Sep 01 '24 02:09 madolson

We have diskless replication now though, do we still need to worry about this case?

yeah. although we can't say disk-based replication will never be used, diskless has been the default (since 7.0?). so this is even less of a concern IMO. I would vote for option 1.

Sep 01 '24 07:09 PingXie

I look carefully which scenarios this parameter will be used again, there are 3 cases:

rdb filename.
aof filename.
cluster config file.
logging

@soloestoy describe a typical use case, and maybe more cases are coming. And we have no idea how the clients behavior is, thus I think we should keep it mutable, but in valkey.conf we can highlight it is dangerous to change it during runtime.

Thus, I vote 1.

Sep 12 '24 18:09 hwware

In Zhao's example, when the disk is full, it is now possible to replicate the data to another node. If disk-based sync is enabled, they can just change to diskless and replication will work.

But if the disk is full and they just want to use another disk for AOF, RDB and nodes.conf, then mutable is more useful, maybe. Nodes.conf is not written by a fork, so this one is no problem.

If it is risky to change the dir when a fork is running, then I think we can prevent it with option 2. But CONFIG SET failing at random time is also annoying. :)

What is the worst thing that can happen if dir is modified during a fork?

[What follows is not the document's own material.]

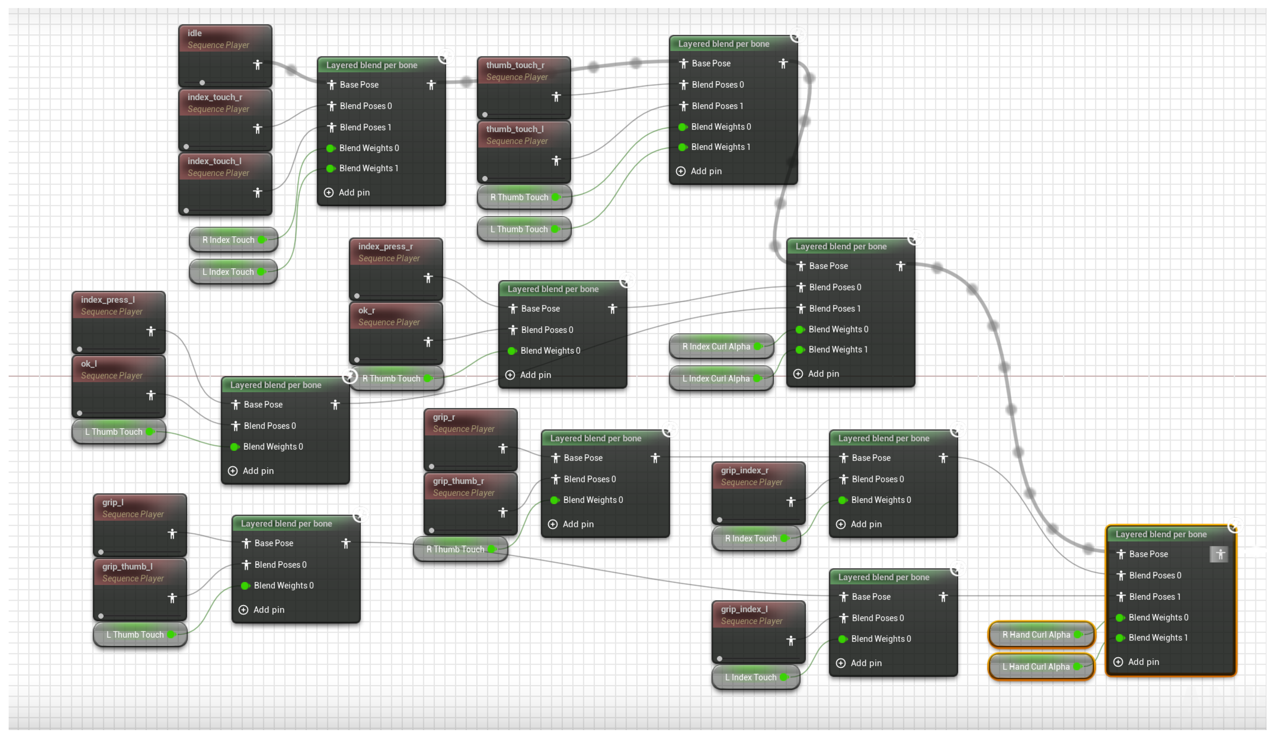 Controller inputs drive sequence poses (idle, index/thumb touch/press, grip variants) that are layered per-bone via scalar weights to compose the final hand pose before forwarding to UBIKSolver.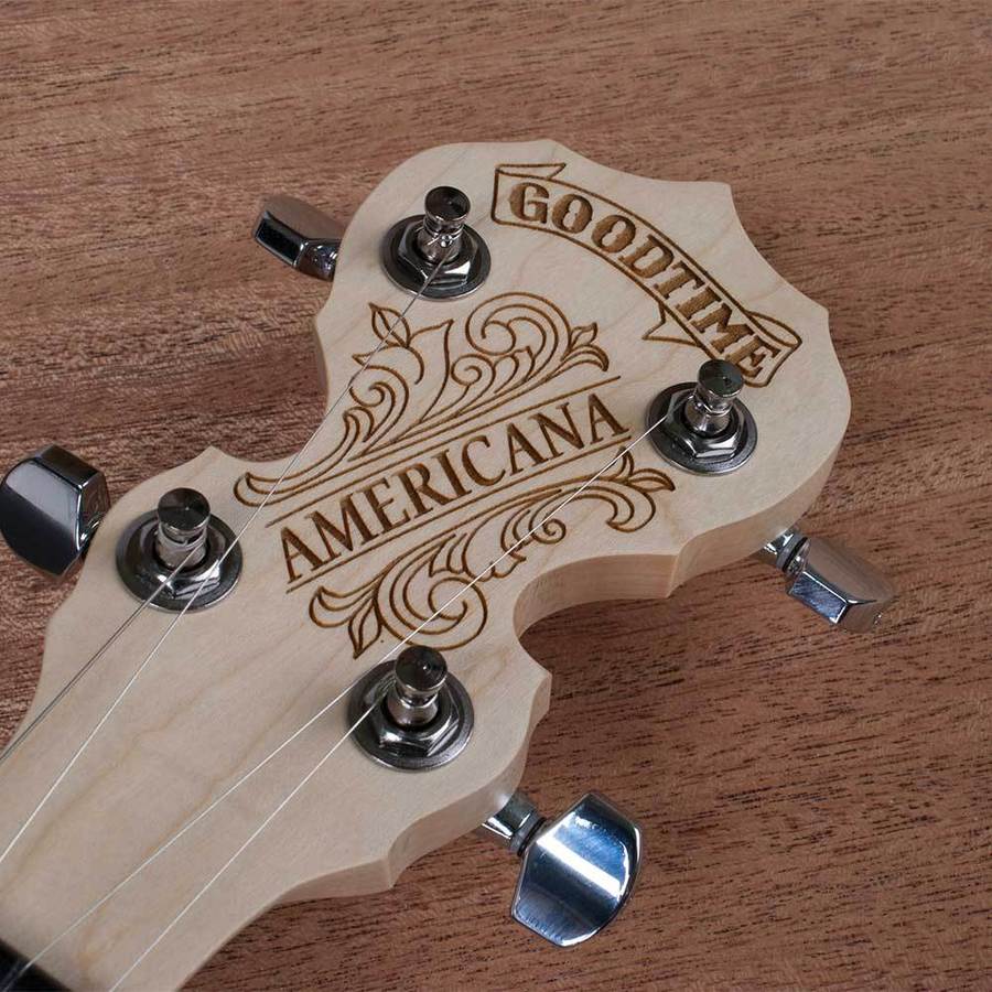 The Americanaª is the first 5-string banjo from Deering to be fitted with their new Grand 12Ó rim, which gives the banjo a stronger bass response and a much warmer tone. The fullness and warmth of the larger rim is further enhanced by the addition of a 12Ó Renaissance head which beautifully complements the banjo both visually and sonically. Made in America. Continuing the long standing Goodtime philosophy of offering the best value American made banjos available, the Americana is the lowest priced 12Ó model on the market today and retains the distinctive natural blonde Goodtime aesthetics. In keeping with the rest of the Goodtime line, this banjo also features guitar style tuners, a rock maple neck, nickel plated hardware, and hardwood inlays Played with an old time style technique, the Americana is reminiscent of banjos from a period when larger rims were more prevalent which makes the 12Ó a great setup for playing old time music. A traditional 11Ó banjo with a frosted top head has a far brighter sound and will ÒcutÓ more. Since the combination of the Grand 12Ó rim and the Renaissance head makes for a wonderfully laid back sound in comparison, the Americana lends itself perfectly for musicians looking to use the banjo to back up a vocalist or another instrument, instead of playing the a lead instrument role. Take a walk on the wide side with the new Goodtime Americanaª banjo.

We will leave temp files on disk, described in the first commit message of this PR:

If dir is modified during aof rewrite, we will leave the tmp files on the disk. Because the rename operation of the main process in backgroundRewriteDoneHandler will fail.

Leaving temp files is maybe no disaster but it is a little annoying, if it is huge files.

@enjoy-binbin also mentioned logging: the child process will continue logging in the old dir. That seems like no problem to me. Will anything happen to RDB files? No crashes?

If it is only AOF files, then maybe we can do a similar trick as in #886? Allow dir to be changed, but store the dir that was used when the fork started.

Sep 12 '24 20:09 zuiderkwast

@enjoy-binbin also mentioned logging: the child process will continue logging in the old dir. That seems like no problem to me. Will anything happen to RDB files? No crashes?

If it is only AOF files, then maybe we can do a similar trick as in https://github.com/valkey-io/valkey/pull/886? Allow dir to be changed, but store the dir that was used when the fork started.

I remember that the RDB files are ok, there is no crash and the RDB rename thing is ok (it is different than the AOF one). And i do remember it is only affect AOF files, yean i take try to store the dir and see if it can work. The logging one is not a real problem too i think, just a point that may be affected.

Sep 13 '24 02:09 enjoy-binbin